How time flies.
Around this time in the morning three years ago Labour were celebrating delivering another Tory led government, again to the right of the previous one. Maybe at the next election, in 2022, they'd actually make a stab at taking power, but it was vital to let the Tories do Brexit first and so avoid having the blame for its inevitable failures.
It was also the moment Nick Clegg left the political stage.
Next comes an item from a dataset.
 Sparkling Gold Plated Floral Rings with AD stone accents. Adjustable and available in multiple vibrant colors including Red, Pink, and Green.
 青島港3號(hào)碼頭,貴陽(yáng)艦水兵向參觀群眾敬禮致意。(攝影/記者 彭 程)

I've mixed feelings about the chap, but he does still have the title "most effective politician on the UK left of the last decade."
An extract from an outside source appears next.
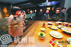 本报讯 了解杭帮菜历史、再现“杭州将军府满汉全席”、到博物馆拜师学艺……昨天下午,中国杭帮菜博物馆正式开馆啦!与普通博物馆不同的是,这家博物馆不仅能看、能玩,还能边吃边学。 300道“菜品”以假乱真 诸多历史名宴再现 杭帮菜博物馆分两层展区,由专业展陈馆、“钱塘厨房”、“杭州味道”和“东坡阁”四大区域组成。利用科技手段,综合文字、实物、模型、雕像、场景等多元要素,生动展示了从良渚时期到现代社会各个时代杭州人的日常饮食,活脱脱一部生动的杭帮菜史。 一圈看下来,馆内300道菜品和点心模型真当诱惑人,其制作工艺精良,惟妙惟肖,难分真假。特别值得一提的是,一些大家耳熟能详的历史名宴都得到了“真实”还原,如“康、乾南巡御膳”、“杭州将军府满汉全席”等,简直让人大饱眼福,口水直流。 在“钱塘厨房”馆的百姓厨房内,有中西式糕团点心制作互动区、杭州街头小吃“八大担”绘画展示等,并设有菜谱查询机供游客阅读。此外,如果想看看古人吃饭的器具什么样,或了解历史上的名人与杭帮菜的故事,比如苏轼当年举办诗酒会,招待客人的菜肴?博物馆里也有详细介绍。 寻找“杭州味道” 十大举措惠及市民游客 中国杭帮菜博物馆免费向市民和游客开放。在馆内市民不仅能欣赏到让人垂涎欲滴的仿真菜,还能边游览,边“点单”,再到经营餐厅亲口感受下杭帮菜的美味。 作为开馆“福利”,中国杭帮菜博物馆还推出了十项长期惠民举措。其中包括:设立杭州图书馆杭帮菜博物馆分馆,并免费开放;开辟青少年“第二课堂”,为青少年免费提供打年糕、磨豆浆、做麻糍等体验场所和服务。 每月10日定为“市民学艺日”,组织有兴趣的市民朋友到博物馆向杭帮菜名厨大师学做杭帮菜;每月20日为“市民品尝日”,开辟市民品尝区,邀请50名市民免费品尝杭帮菜名菜名点;每月最后一周为“名店名菜展示周”,邀请杭州各大餐饮名店依次到博物馆设点,展示名菜,并向市民提供7折优惠。 此外,还设立“123小吃一条街”,每月1日、2日、3日,在博物馆内向市民推出每份售价分别为1元、2元、3元的杭城街头小吃。

Theresa May's coalition government duly fulfilled Mystic Clegg's 2015 warning of a "Blukip coalition" between the Tories and the DUP delivering UKIP's agenda - a programme which like Section 28 is quite definitely "for the many not the few".
People who never watched The Blame Game and only skim-read BCN suddenly came across the existence of the DUP, and what a rollercoaster ride that was for many of them. And indeed for the DUP - snubbed by Cameron in his search for a majority in 2010, at last having their fifteen minutes of fame.
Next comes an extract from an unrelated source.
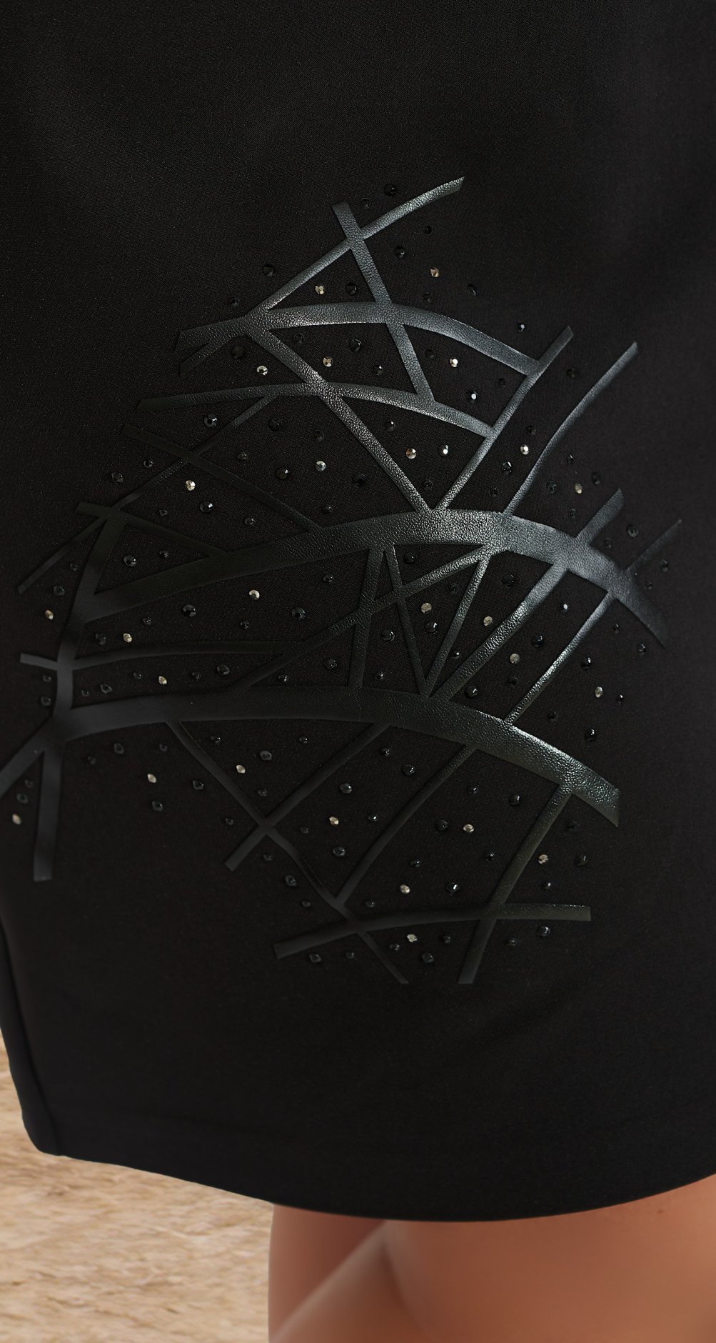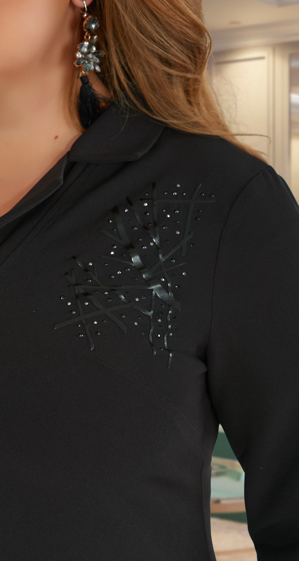 Стильное платье с воротничком и красивым декором из эко-кожи и кристаллов.

The concessions won by the smaller parties in coalition type things are fascinating. The Liberals got higher tax for the rich, lower tax for the poor, same-sex marriage, the scrapping of ID cards and the trans tax, etc. The DUP got big fat wads of cash spent in their constituencies in proper "pork barrel" politics. I remain curious about what the Co-operative Party got in exchange for keeping Brown in power. I can't name anything - does anyone have any ideas?
Now Johnson has his 80-seat majority we've all been allowed to forget that Northern Ireland exists, which is a shame as the political system there is quite instructive for people who want to understand mainland UKanian politics better but need a blank slate rather than the world they are used to.